Le premier consul l'avait reçu avec une double joie : d'abord, il retrouvait un homme sans ambition, un officier intelligent, un ami dévoué ; ensuite, Desaix arrivait juste pour remplacer dans le commandement de sa division, Boudet, qui venait d'être tué.

Sur un faux rapport du général Gardanne, le premier consul avait cru que l'ennemi refusait la bataille et se retirait sur Gênes ; il envoya Desaix et sa division sur la route de Novi pour lui couper la retraite.

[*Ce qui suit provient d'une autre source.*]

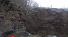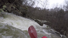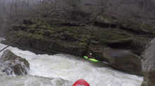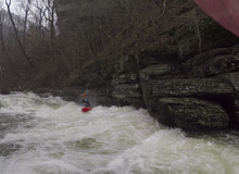 Cliff Right (IV). Immediately below, the river goes right around a house sized rock. We eddied out on the left, note there is a big sieve there. This then allows you to see the rapid. Run along the backside of the house sized rock to the right, boof a small ledge, then straighten out and go down the right wall with a little left angle.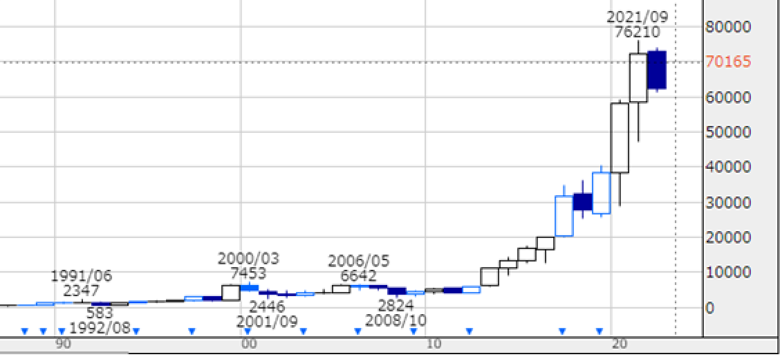 画像は、キーエンスの長期チャート(上場からの年足のチャート)です。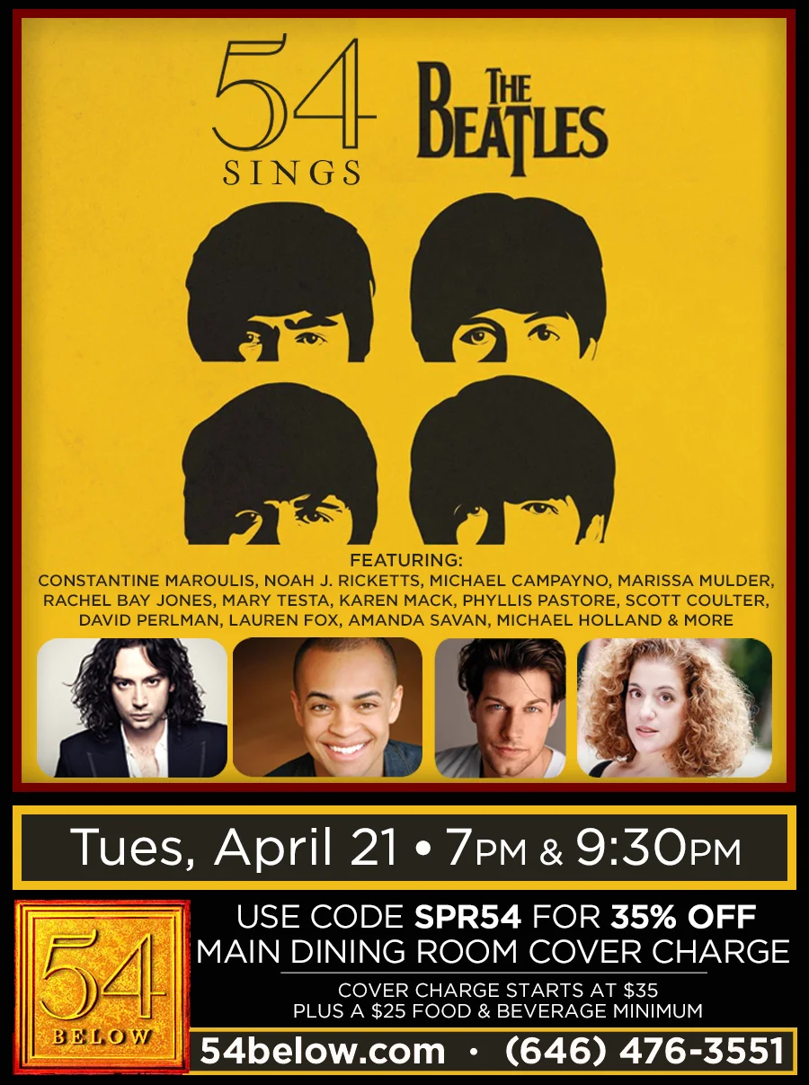 I'll be singing in an evening of Beatles songs with Mary Testa, Constantine Maroulis, Rachel Bay Jones, Scott Coulter, and more! There's going to be some incredible singing of some undeniably incredibly songs. For more info., and to order tickets, visit http://54below.com/artist/54-sings-the-beatles/

La nuit du 13 au 14 s'était passée le plus tranquillement du monde. Il y avait eu, la veille, malgré un orage terrible, un engagement dans lequel les Autrichiens avaient été battus. On eût dit que la nature et les hommes étaient fatigués et se reposaient.

Bonaparte était tranquille ; un seul pont existait sur la Bormida, et on lui avait affirmé que ce pont était coupé.

Des avant-postes avaient été placés aussi loin que possible du côté de la Bormida, et ils étaient éclairés eux-mêmes par des groupes de quatre hommes.

Toute la nuit fut occupée par l'ennemi à passer la rivière.

à deux heures du matin, deux des groupes de quatre hommes furent surpris ; sept hommes furent égorgés ; le huitième s'échappa et vint, en criant : « Aux armes ! » donner dans l'un des avant-postes.
à l'instant même un courrier fut expédié au premier consul, qui avait couché à Torre-di-Garofolo.

Mais, en attendant les ordres qui allaient arriver, la générale battit sur toute la ligne.

Il faut avoir assisté à une pareille scène pour se faire une idée de l'effet que produit sur une armée endormie, le tambour appelant le soldat aux armes, à trois heures du matin.

C'est le frisson pour les plus braves.

Les soldats s'étaient couchés tout habillés ; chacun se leva, courut aux faisceaux, sauta sur son arme.

Les lignes se formèrent dans la vaste plaine de Marengo ; le bruit du tambour s'étendait comme une longue traînée de poudre, et, dans la demi-obscurité, on voyait courir et s'agiter l'avant-garde.

Quand le jour se leva, nos troupes occupaient les positions suivantes :

La division Gardanne et la division Chamberlhac, formant l'extrême avant-garde, étaient campées à la cassine de Petra-Bona, c'est-à-dire dans l'angle que fait, avec la route de Marengo à Tortone, la Bormida traversant cette route pour aller se jeter dans le Tanaro.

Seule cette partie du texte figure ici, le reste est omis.